There is a clock with a minute hand of 20cm and a hour hand of 10cm. At what rate is the distance between the two tips changing at 4:30?

Let the distance between two tips be c and the length of two hands be a and b. And degree of the angle between two hand is i. The two hands and the distance between tips bounded a triangle. The length of two hands are known, I need to computer the distance between two tips. c^2=a^2+b^2-2abcos(i) In order to find the rate of change, we need to take the first derivative. 2c*dc/dt=2absin(i)*di/dt. At 4:30, i=pi/4, c^2=20^2+10^2-2*20*10*sin(pi/4). Then I get c=14.74. di/dt is same as the difference between the rate of change of two hands. The rate of change of minute hand is 6 degree/minute=pi/30. The rate of change of hour hand is 1/2 degree/minute=pi/360. di/dt=pi/30-pi/360=11pi/360. Now, I get all the value I need, just plug in. 2*14.74*dc/dt=2*10*20*sin(pi/4)*11pi/360, dc/dt=0.92cm/minute.

A student made his Frisbee on roof of the common block in Walter Gage Residence. He finds 20-feet-long a ladder which leans against wall in order to climb on the roof. He does not set the ladder well, the bottom of the ladder slides away from the building horizontally at a rate of 3 ft/sec. So how fast is the ladder sliding down the house when the top of the ladder is 16 feet from the ground?

When the ladder leans against wall, the ladder, the wall and the ground between them form a right triangle.
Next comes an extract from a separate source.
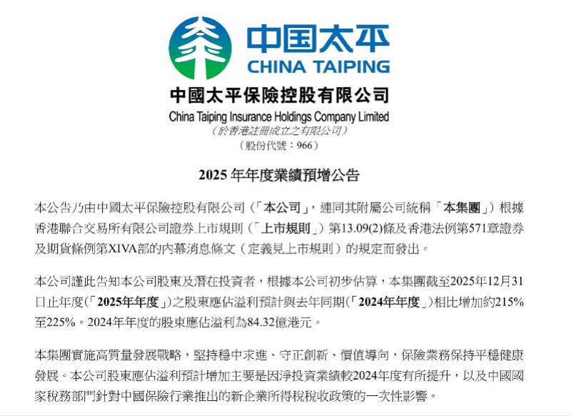 中国太平表示,本次业绩大幅预增主要得益于两大因素:一是净投资业绩较2024年实现稳步提升;二是国家税务部门针对保险行业出台的新企业所得税政策产生一次性积极影响。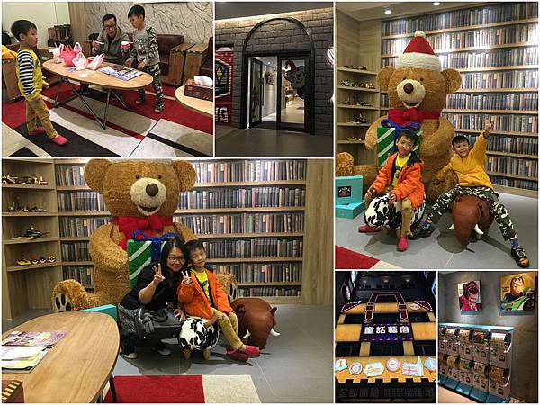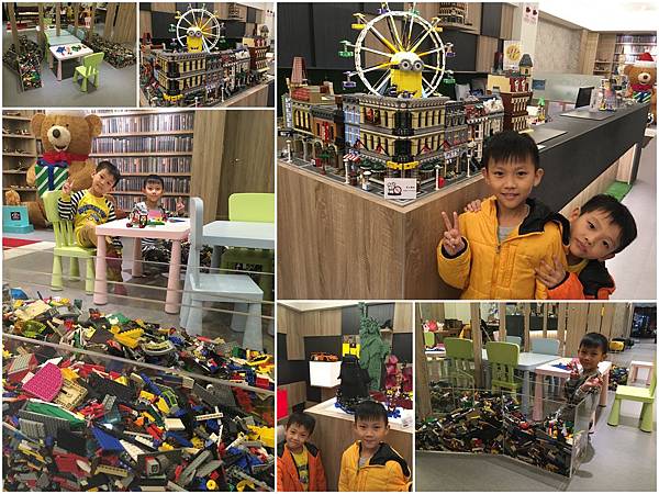童話藝宿湯旅的外觀像一座小城堡,一樓大廳有好多的樂高造景,還有給孩子玩的樂高池,恩、倫欣賞玩樂高作品後,一頭栽進樂高遊樂區裡面,挖寶是他們的最愛呀~ 所以我們一家就佔據了休憩區的一張大桌子,吃起來玩起來了。

According the Pythagorean theorem, square of the height of the wall(h) and square of the length of the ground(l) between the ladder and the wall equals square of the length of the ladder, which is h^2+l^2=20^2. When the top of the ladder is 8 feet from the ground, 16^2+l^2=20^2, so we solved for l, the answer is 12. Then take the derivative of the equation for both sides, 2h*h’+2l*l’=0. As we known, h=16, l=12 and h’=-3 because it slides down, 2*16*(-3)+2*12*l’=0. We can get l’=4 ft/sec.